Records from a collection

★ ★ ★

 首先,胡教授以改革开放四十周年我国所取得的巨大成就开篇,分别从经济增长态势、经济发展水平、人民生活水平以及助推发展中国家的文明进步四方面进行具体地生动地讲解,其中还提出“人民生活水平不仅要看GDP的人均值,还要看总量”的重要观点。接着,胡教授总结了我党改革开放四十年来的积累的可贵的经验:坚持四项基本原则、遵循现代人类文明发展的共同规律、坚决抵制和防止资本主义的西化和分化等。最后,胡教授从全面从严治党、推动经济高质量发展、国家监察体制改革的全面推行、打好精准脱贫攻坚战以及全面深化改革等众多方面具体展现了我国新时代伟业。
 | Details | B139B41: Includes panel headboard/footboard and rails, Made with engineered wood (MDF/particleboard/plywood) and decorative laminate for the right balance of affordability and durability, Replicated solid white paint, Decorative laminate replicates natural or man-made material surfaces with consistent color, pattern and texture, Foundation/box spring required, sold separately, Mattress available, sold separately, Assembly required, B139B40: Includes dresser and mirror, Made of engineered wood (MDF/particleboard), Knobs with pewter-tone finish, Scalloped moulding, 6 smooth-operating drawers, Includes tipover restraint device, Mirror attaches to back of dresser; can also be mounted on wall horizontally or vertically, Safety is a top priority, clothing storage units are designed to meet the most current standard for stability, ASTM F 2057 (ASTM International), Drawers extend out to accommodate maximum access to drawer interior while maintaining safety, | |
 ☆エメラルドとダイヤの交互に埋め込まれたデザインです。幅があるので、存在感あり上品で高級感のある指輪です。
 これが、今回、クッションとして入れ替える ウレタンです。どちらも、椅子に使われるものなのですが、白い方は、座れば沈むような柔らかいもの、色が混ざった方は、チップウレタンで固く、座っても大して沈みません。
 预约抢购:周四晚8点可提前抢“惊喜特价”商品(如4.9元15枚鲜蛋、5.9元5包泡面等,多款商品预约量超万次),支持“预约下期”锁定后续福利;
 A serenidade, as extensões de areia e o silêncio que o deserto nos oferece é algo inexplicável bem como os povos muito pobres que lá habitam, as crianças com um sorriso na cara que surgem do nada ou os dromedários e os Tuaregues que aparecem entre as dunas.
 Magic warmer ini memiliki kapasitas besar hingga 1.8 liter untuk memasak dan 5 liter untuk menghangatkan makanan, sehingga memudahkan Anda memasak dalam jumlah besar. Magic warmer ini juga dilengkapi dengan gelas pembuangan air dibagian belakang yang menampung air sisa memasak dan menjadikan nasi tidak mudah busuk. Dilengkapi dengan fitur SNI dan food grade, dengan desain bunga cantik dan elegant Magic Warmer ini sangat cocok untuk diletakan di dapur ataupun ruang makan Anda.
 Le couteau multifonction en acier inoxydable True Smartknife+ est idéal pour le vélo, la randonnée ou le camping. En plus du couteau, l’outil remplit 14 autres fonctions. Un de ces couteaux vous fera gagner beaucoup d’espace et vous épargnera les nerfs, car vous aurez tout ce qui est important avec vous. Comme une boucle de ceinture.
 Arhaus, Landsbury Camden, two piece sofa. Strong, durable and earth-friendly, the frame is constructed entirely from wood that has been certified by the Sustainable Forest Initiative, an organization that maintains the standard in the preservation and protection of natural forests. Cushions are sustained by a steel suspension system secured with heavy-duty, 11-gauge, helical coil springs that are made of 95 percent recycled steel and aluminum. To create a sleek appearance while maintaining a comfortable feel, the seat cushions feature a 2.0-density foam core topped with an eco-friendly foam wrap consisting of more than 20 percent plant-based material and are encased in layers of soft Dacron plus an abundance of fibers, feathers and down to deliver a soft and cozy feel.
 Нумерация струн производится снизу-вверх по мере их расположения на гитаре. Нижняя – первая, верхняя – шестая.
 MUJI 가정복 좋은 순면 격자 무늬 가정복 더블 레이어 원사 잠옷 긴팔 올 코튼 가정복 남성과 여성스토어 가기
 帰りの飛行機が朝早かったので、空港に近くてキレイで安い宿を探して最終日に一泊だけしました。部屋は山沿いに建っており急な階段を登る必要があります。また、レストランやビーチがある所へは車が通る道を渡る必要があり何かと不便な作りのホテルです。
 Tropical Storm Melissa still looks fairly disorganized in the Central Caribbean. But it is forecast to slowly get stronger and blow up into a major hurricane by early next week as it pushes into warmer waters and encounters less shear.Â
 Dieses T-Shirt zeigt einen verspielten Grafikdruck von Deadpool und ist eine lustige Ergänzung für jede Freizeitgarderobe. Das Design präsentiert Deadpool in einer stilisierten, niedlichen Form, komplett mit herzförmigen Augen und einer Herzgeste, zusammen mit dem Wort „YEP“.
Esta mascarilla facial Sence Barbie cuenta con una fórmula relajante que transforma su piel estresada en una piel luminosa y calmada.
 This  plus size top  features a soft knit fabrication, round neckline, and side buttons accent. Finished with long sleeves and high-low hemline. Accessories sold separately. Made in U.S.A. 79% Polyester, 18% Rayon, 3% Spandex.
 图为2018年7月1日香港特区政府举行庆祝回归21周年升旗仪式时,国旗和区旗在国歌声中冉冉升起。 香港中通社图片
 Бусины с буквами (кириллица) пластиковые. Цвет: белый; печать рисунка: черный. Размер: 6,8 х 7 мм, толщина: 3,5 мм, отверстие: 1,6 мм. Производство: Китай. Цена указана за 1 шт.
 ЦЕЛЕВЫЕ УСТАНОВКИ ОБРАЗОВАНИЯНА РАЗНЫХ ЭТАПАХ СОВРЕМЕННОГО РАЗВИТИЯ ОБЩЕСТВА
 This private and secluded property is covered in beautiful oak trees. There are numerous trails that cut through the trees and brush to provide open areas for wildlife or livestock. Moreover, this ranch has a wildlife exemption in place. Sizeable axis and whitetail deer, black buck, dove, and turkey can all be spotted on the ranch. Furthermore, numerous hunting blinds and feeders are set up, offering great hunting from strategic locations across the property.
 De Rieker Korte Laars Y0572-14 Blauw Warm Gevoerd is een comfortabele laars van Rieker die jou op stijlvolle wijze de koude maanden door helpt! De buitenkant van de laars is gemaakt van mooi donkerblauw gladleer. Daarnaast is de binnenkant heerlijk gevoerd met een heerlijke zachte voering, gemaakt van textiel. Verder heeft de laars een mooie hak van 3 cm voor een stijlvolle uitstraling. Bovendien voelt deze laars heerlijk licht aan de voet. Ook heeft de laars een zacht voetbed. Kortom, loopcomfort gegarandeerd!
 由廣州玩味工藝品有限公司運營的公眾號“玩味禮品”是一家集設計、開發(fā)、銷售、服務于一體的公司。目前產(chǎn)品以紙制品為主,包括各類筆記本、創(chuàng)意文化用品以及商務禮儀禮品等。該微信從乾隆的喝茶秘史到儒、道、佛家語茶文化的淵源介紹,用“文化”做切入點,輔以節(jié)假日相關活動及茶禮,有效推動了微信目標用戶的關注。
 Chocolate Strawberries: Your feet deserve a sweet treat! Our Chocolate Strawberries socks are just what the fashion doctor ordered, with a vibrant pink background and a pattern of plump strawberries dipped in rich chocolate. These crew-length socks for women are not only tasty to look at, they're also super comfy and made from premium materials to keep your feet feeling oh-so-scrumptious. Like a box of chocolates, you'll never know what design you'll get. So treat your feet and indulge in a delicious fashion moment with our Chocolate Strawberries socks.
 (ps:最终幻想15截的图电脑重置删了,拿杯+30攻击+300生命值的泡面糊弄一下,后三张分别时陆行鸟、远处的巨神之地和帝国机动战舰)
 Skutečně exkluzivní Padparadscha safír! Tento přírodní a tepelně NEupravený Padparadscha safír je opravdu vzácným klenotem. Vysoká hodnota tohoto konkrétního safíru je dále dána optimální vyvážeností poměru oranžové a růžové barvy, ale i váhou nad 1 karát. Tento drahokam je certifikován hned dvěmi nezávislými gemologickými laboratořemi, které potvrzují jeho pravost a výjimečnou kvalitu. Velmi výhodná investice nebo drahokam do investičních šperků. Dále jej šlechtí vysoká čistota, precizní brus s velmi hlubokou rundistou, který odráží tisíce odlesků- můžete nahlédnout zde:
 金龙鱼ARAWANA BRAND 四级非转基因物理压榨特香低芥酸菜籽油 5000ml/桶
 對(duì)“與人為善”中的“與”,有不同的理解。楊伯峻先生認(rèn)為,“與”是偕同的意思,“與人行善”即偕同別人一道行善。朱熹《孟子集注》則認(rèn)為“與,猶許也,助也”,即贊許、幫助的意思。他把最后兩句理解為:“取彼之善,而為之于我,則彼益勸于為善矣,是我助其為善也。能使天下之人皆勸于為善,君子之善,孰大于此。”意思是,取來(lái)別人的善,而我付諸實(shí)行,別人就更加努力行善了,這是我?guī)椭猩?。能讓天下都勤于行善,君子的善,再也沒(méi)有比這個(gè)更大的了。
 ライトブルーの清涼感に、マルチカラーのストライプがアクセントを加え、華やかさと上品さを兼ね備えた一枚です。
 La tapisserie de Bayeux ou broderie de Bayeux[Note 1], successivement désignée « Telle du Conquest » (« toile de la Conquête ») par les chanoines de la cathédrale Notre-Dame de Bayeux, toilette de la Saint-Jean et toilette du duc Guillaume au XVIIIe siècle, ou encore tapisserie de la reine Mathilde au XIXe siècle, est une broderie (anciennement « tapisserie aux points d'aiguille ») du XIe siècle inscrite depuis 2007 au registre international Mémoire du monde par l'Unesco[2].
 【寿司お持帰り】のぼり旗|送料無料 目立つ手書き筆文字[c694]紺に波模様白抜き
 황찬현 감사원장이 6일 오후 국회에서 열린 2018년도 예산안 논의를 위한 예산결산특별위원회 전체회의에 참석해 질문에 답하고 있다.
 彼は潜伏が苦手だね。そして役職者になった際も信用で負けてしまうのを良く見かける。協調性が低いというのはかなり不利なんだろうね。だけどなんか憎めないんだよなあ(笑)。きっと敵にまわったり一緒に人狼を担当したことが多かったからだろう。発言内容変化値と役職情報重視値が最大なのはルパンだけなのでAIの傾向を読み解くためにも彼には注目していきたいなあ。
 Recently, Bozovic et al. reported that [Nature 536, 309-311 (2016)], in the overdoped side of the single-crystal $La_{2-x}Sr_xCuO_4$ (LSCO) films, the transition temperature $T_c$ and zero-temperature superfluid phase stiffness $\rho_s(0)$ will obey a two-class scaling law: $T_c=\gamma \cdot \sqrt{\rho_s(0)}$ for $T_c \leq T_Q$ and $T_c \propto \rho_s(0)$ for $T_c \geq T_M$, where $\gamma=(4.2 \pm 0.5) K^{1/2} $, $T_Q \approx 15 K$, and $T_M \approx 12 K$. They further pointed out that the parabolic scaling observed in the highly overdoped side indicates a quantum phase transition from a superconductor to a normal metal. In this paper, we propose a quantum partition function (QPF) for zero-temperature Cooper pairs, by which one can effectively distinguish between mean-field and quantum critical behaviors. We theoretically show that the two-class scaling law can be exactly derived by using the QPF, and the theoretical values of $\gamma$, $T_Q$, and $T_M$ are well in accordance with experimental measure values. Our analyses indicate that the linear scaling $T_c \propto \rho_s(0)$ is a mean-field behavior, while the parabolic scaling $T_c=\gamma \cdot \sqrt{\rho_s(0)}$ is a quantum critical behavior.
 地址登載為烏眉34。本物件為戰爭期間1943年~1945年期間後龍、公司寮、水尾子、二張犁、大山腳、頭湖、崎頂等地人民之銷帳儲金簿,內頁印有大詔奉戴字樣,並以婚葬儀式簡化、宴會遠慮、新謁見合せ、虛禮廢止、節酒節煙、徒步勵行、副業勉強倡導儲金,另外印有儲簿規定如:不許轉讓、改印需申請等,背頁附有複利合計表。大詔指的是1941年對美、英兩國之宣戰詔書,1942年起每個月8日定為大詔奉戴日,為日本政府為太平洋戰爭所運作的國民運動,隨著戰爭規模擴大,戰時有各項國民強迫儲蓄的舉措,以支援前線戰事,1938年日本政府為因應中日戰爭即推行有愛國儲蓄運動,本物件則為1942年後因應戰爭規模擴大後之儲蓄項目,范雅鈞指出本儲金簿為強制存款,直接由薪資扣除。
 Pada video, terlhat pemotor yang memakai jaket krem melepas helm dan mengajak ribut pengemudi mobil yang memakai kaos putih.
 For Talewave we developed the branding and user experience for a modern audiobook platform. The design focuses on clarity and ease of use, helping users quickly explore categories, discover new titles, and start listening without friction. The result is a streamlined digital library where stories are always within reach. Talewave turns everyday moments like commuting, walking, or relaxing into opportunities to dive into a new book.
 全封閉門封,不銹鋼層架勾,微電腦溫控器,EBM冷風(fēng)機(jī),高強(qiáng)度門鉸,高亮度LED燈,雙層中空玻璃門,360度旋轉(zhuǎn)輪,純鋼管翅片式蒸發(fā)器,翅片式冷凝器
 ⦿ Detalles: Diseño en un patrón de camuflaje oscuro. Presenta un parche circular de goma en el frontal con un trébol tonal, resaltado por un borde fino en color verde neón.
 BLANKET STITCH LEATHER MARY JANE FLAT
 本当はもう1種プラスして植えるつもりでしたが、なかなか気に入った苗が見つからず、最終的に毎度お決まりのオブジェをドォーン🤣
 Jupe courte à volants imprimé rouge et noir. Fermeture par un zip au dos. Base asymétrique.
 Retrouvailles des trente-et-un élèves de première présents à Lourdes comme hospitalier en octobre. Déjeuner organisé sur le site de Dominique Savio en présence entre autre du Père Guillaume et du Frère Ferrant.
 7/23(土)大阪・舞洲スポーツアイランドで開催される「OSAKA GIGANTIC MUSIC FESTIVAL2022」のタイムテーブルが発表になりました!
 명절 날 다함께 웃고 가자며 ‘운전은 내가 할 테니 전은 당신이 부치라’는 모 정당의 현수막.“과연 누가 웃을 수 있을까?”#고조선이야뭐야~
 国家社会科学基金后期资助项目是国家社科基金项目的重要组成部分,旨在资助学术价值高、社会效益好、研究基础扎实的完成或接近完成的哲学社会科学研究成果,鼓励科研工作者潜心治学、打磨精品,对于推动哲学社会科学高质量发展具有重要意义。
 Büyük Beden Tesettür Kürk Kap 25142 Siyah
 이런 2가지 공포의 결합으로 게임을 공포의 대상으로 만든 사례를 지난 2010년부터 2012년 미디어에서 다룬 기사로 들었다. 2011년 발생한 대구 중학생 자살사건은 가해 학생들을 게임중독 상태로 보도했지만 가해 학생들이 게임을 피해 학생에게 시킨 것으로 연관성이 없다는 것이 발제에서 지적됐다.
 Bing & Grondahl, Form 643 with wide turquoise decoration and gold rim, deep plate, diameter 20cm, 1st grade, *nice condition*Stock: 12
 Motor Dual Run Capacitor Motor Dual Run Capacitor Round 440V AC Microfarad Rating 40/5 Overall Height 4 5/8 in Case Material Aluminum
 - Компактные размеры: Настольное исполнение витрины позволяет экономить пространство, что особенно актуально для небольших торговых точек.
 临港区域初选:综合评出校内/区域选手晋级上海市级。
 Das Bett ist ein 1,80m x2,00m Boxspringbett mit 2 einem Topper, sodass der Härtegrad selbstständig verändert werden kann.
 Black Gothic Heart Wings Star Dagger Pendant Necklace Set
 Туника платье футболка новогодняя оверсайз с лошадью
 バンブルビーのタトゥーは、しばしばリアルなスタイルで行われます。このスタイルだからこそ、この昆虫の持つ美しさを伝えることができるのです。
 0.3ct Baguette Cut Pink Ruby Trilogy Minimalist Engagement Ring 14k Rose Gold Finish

★ ★ ★

Beginning at the line above that contains "金龙鱼ARAWANA BRAND 四级非转基因物理压榨特香低芥酸菜籽油 5000ml/桶", return each line exactly through the line that contains "ライトブルーの清涼感に、マル", and no others.

● **OUTPUT FOR THIS EXERCISE**:
 金龙鱼ARAWANA BRAND 四级非转基因物理压榨特香低芥酸菜籽油 5000ml/桶
 對(duì)“與人為善”中的“與”,有不同的理解。楊伯峻先生認(rèn)為,“與”是偕同的意思,“與人行善”即偕同別人一道行善。朱熹《孟子集注》則認(rèn)為“與,猶許也,助也”,即贊許、幫助的意思。他把最后兩句理解為:“取彼之善,而為之于我,則彼益勸于為善矣,是我助其為善也。能使天下之人皆勸于為善,君子之善,孰大于此。”意思是,取來(lái)別人的善,而我付諸實(shí)行,別人就更加努力行善了,這是我?guī)椭猩?。能讓天下都勤于行善,君子的善,再也沒(méi)有比這個(gè)更大的了。
 ライトブルーの清涼感に、マルチカラーのストライプがアクセントを加え、華やかさと上品さを兼ね備えた一枚です。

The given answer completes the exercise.